— WHAT NEEDS TO BE DONE —
Retype exactly the lines of the listing below from the one with "Vrijwel elke Groninger" through the last, both included, and leave every picture out.

— STUDY MATERIAL —
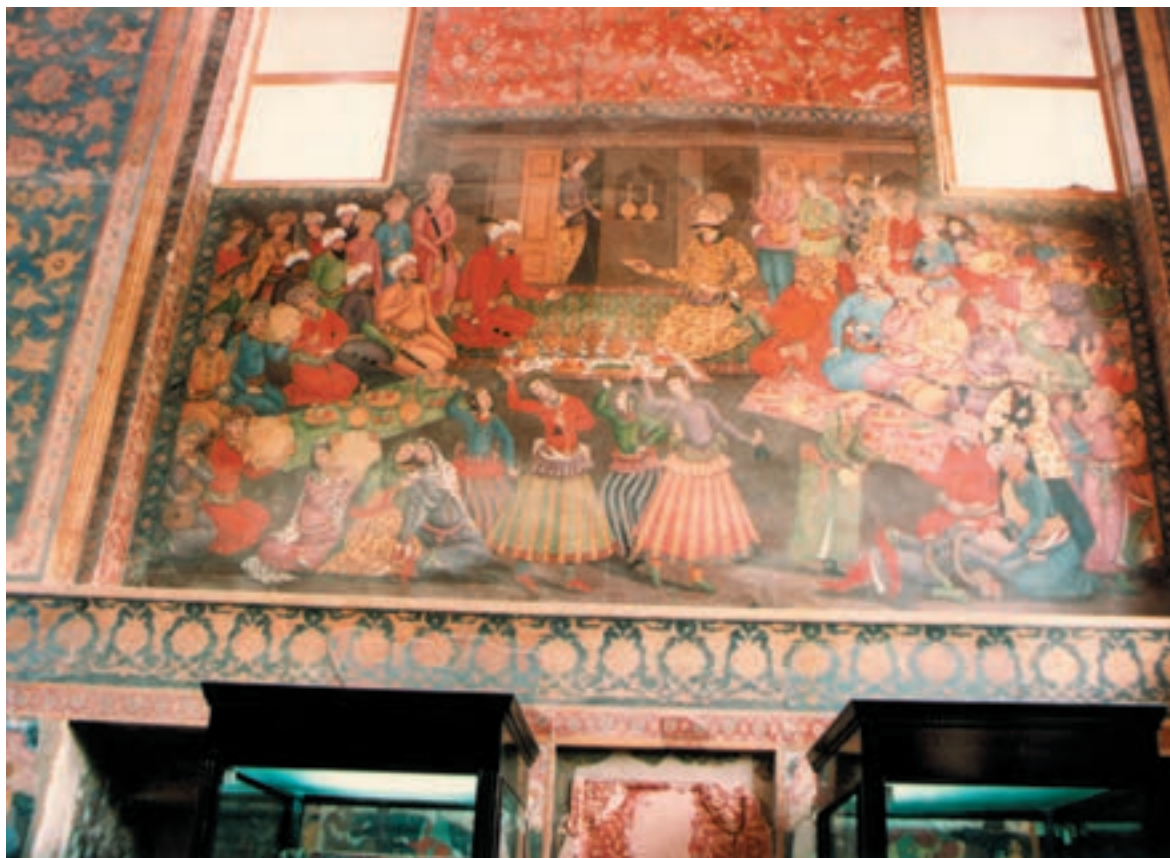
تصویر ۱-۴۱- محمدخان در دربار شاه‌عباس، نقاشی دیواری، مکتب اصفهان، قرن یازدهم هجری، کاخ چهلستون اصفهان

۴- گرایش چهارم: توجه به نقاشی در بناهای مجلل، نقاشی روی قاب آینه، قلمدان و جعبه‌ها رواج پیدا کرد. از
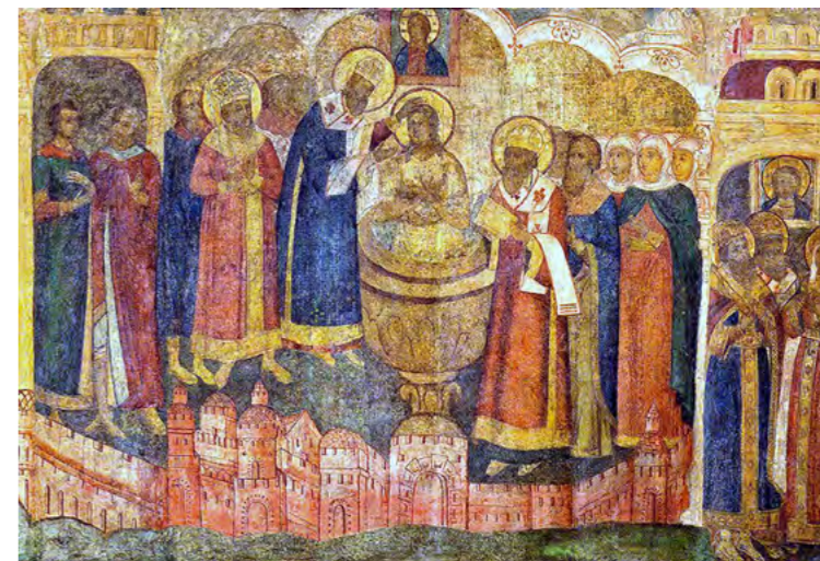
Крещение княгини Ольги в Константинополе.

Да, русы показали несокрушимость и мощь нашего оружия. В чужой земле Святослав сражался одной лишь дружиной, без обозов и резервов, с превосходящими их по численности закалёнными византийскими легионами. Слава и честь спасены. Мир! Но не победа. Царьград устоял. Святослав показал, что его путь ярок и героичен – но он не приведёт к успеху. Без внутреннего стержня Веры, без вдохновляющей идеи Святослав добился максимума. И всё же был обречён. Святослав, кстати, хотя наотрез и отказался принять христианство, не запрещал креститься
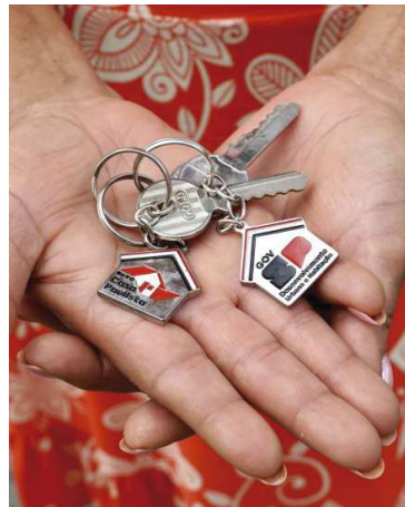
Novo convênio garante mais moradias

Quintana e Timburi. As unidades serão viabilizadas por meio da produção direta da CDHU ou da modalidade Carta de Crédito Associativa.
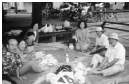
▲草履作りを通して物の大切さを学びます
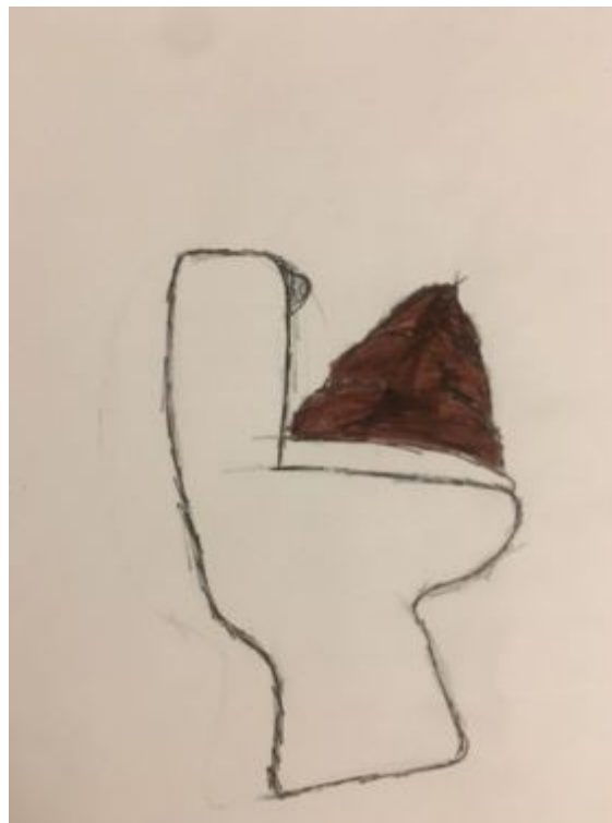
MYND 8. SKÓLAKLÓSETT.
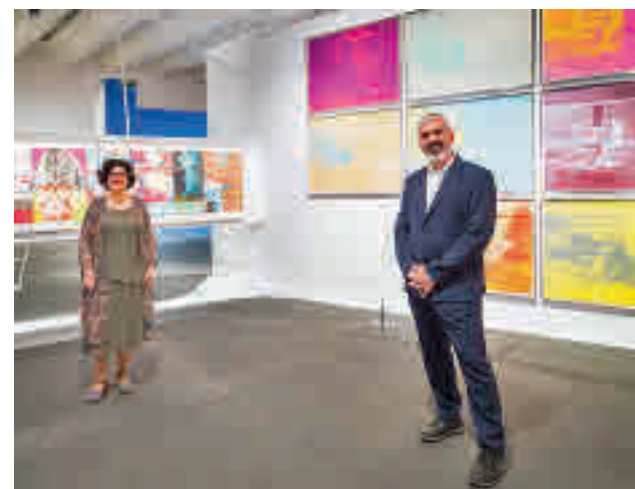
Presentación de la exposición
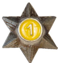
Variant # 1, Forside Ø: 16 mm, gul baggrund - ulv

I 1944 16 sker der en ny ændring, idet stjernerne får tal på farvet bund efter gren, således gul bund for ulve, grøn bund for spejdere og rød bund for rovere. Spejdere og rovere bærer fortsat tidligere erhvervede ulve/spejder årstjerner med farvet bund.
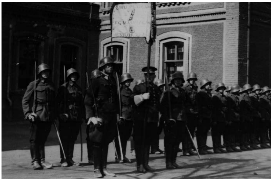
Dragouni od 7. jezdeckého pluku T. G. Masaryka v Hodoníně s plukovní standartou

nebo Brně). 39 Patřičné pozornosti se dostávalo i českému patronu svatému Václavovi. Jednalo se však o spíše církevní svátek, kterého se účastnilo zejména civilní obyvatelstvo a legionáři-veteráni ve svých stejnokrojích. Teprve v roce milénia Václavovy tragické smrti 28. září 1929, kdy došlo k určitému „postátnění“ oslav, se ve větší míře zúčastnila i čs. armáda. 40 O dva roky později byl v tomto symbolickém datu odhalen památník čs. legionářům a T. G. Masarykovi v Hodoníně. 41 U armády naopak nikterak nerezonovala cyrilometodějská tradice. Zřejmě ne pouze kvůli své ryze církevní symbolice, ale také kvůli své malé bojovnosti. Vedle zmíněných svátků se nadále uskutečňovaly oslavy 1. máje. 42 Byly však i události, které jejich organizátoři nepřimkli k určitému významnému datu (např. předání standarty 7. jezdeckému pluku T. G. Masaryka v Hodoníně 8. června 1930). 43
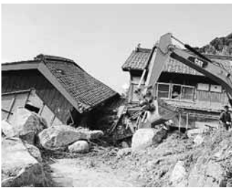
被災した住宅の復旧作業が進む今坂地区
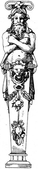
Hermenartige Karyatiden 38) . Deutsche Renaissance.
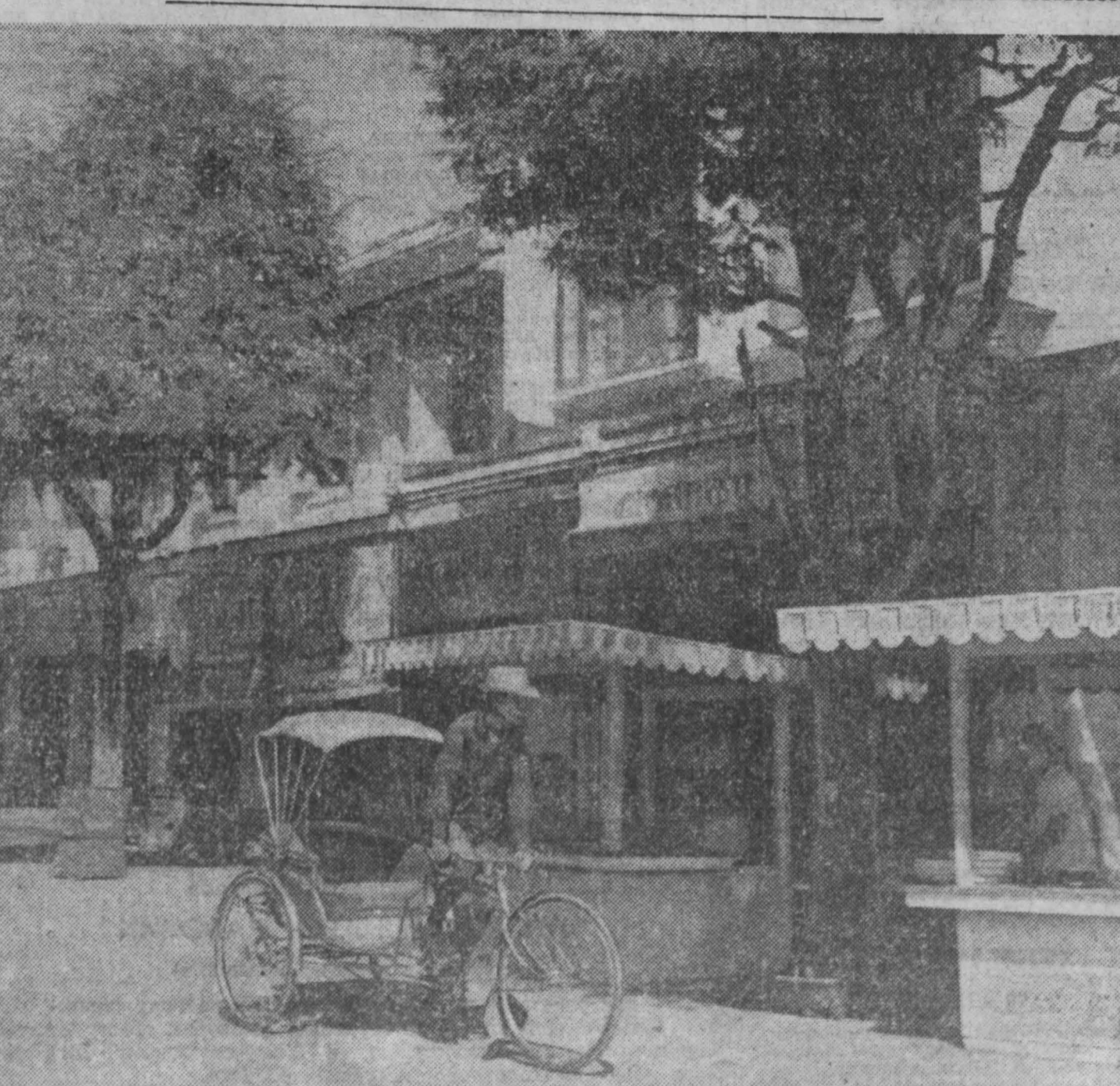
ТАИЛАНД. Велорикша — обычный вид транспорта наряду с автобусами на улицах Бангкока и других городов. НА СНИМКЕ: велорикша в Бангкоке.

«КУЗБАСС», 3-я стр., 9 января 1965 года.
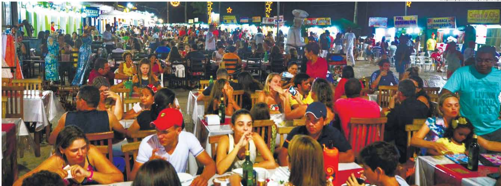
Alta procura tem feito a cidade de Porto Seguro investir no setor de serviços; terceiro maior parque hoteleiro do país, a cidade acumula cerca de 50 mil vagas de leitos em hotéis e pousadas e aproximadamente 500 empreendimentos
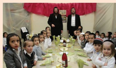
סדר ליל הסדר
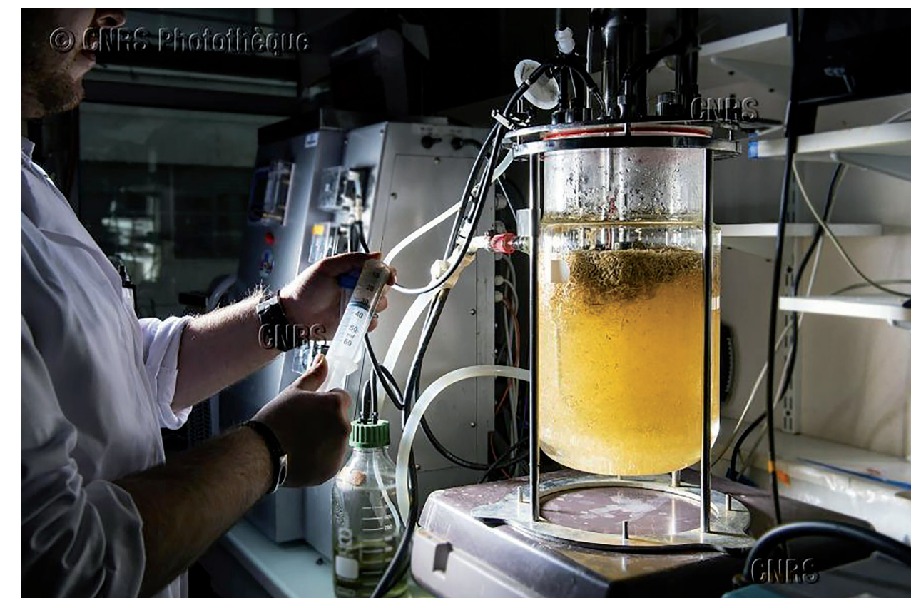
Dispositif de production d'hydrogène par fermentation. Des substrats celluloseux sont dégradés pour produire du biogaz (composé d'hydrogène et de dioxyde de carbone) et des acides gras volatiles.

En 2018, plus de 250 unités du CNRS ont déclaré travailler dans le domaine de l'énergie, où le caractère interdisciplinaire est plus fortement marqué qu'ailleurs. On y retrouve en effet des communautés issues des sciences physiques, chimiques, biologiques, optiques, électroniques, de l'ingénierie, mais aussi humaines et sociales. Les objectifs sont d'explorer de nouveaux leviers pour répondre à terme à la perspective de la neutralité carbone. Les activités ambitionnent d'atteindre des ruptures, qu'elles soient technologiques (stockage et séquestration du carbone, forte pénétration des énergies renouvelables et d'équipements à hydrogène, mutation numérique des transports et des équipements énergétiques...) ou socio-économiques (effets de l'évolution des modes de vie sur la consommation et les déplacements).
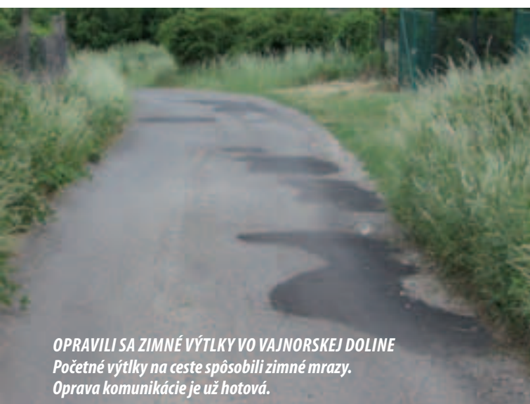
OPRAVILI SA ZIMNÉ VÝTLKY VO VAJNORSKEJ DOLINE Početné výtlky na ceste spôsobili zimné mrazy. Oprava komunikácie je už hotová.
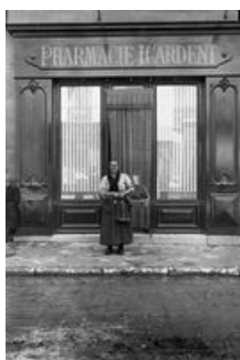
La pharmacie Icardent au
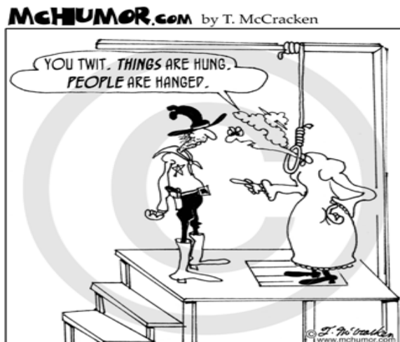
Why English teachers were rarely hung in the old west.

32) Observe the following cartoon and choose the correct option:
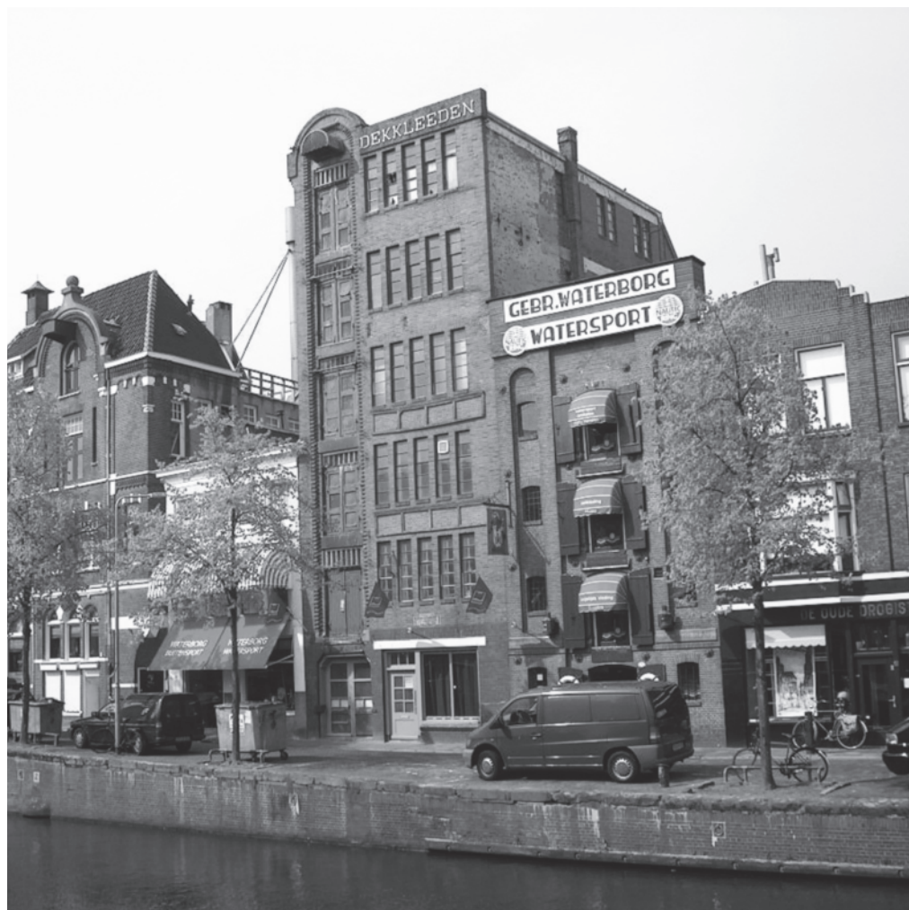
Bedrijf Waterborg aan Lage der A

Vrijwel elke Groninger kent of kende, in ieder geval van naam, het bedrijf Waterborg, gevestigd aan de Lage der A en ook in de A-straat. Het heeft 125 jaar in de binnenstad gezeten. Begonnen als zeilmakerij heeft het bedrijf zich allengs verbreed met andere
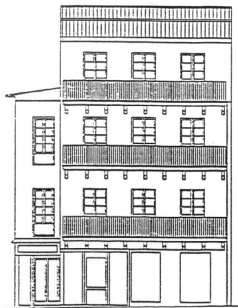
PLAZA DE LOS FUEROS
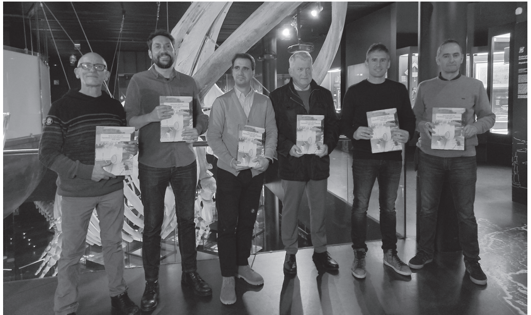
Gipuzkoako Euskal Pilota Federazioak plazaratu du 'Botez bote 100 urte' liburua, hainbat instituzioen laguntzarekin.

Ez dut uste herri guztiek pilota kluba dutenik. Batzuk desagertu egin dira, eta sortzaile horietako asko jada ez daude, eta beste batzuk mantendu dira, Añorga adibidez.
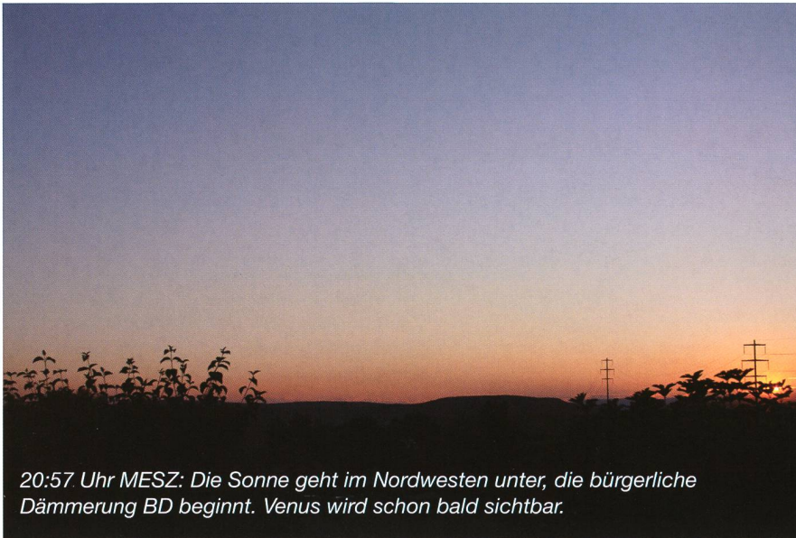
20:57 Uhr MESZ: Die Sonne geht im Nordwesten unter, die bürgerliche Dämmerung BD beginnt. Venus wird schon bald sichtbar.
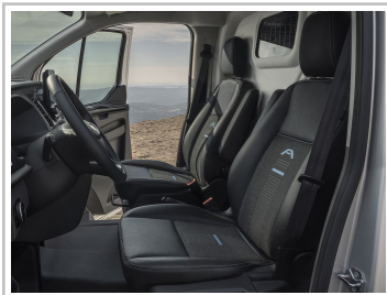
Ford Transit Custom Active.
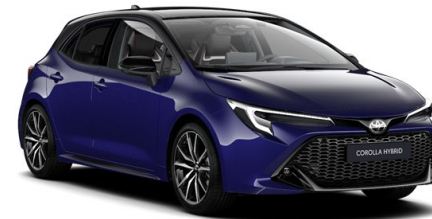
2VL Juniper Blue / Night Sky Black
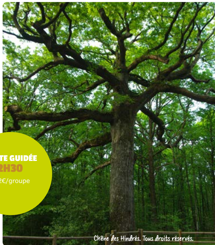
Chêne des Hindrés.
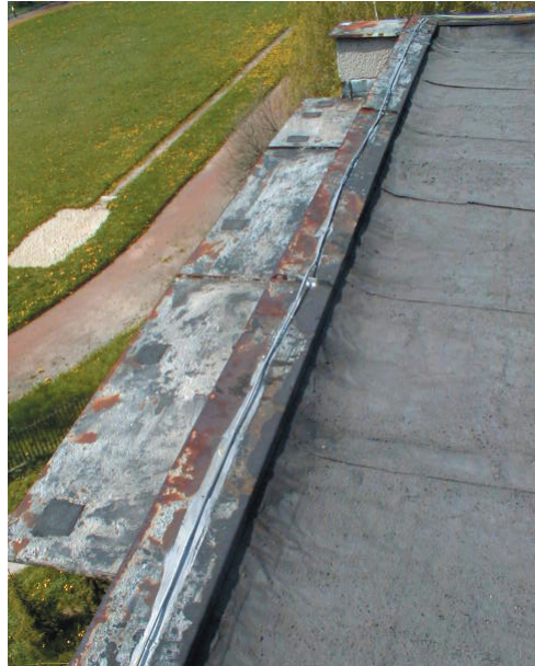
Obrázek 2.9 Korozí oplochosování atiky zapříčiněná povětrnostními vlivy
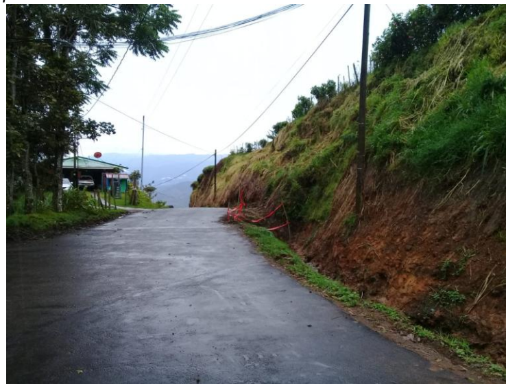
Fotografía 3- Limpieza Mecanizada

— YOUR SOLUTION —
Vrijwel elke Groninger kent of kende, in ieder geval van naam, het bedrijf Waterborg, gevestigd aan de Lage der A en ook in de A-straat. Het heeft 125 jaar in de binnenstad gezeten. Begonnen als zeilmakerij heeft het bedrijf zich allengs verbreed met andere
PLAZA DE LOS FUEROS
Gipuzkoako Euskal Pilota Federazioak plazaratu du 'Botez bote 100 urte' liburua, hainbat instituzioen laguntzarekin.

Ez dut uste herri guztiek pilota kluba dutenik. Batzuk desagertu egin dira, eta sortzaile horietako asko jada ez daude, eta beste batzuk mantendu dira, Añorga adibidez.
20:57 Uhr MESZ: Die Sonne geht im Nordwesten unter, die bürgerliche Dämmerung BD beginnt. Venus wird schon bald sichtbar.
Ford Transit Custom Active.
2VL Juniper Blue / Night Sky Black
Chêne des Hindrés.
Obrázek 2.9 Korozí oplochosování atiky zapříčiněná povětrnostními vlivy
Fotografía 3- Limpieza Mecanizada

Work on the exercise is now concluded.